Dieese divulga destaques das Demonstrações Financeiras do Santander

No 1º trimestre de 2015 o Banco Santander obteve um Lucro Líquido Gerencial de R$ 1,6 bilhão, com crescimento de 14,4% em relação ao mesmo período de 2014. Em relação ao 4º trimestre de 2014 o crescimento foi de 7,3%. O retorno sobre o Patrimônio Líquido médio anualizado (ROE) ficou em 12,8%, com crescimento de 1,6 p.p. em doze meses. O lucro obtido no Brasil representou 21% do lucro global que foi de € 1,7 bilhão (alta de 32% em doze meses).

A Carteira de Crédito Ampliada do banco cresceu 18,0%% em doze meses e atingiu R$ 324,7 bilhões. As operações com pessoas físicas cresceram 5,8% em relação a março de 2014, chegando a R$ 79,8 bilhões. Já as operações com pessoas jurídicas alcançaram R$ 142,1 bilhões, com alta de 28,0%. O segmento de pequenas e médias empresas caiu 0,7%, enquanto o segmento de grandes empresas cresceu 39,5% em comparação a março de 2014. A carteira de "financiamento ao consumo”, que é gerada fora da rede de agências, apresentou queda de 3,3% em 12 meses, totalizando R$ 36,2 milhões.

O Índice de Inadimplência superior a 90 dias apresentou queda de 0,8 p.p em relação ao 1º trimestre de 2014, ficando em 3,0%. Com isso, foram reduzidas as despesas com provisões para créditos de liquidação duvidosa (PDD) em 4,7%, totalizando R$ 2,9 bilhões.

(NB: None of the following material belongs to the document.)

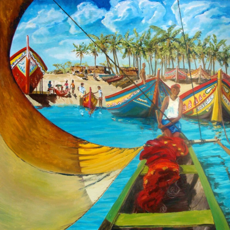 N°0357 SENEGAL HUILE SUR TOILE 90x90cm Année 2020. Vendu

O crescimento das receitas com Títulos e Valores Mobiliários foi diretamente influenciado pelos sucessivos aumentos na taxa Selic, com crescimento expressivo de 59,2%, totalizando R$ 7,0 bilhões.

A receita com prestação de serviços mais a renda das tarifas bancárias cresceu 7,4%% em doze meses, totalizando R$ 2,8 bilhões. As despesas de pessoal subiram 5,7%, atingindo R$ 1,9 bilhão. Assim, em março de 2015, a cobertura dessas despesas pelas receitas secundárias do banco foi de 151,96%.

A holding encerrou o 1º trimestre de 2015 com 49.910 empregados, com aumento de 1.259 postos de trabalho em relação ao mesmo período no ano passado. Foram fechadas duas agências e 82 PAB’s no mesmo período. Apesar da redução do número de agências e de PAB’s a carteira de clientes cresceu significativamente (1,3 milhão a mais de clientes em um ano).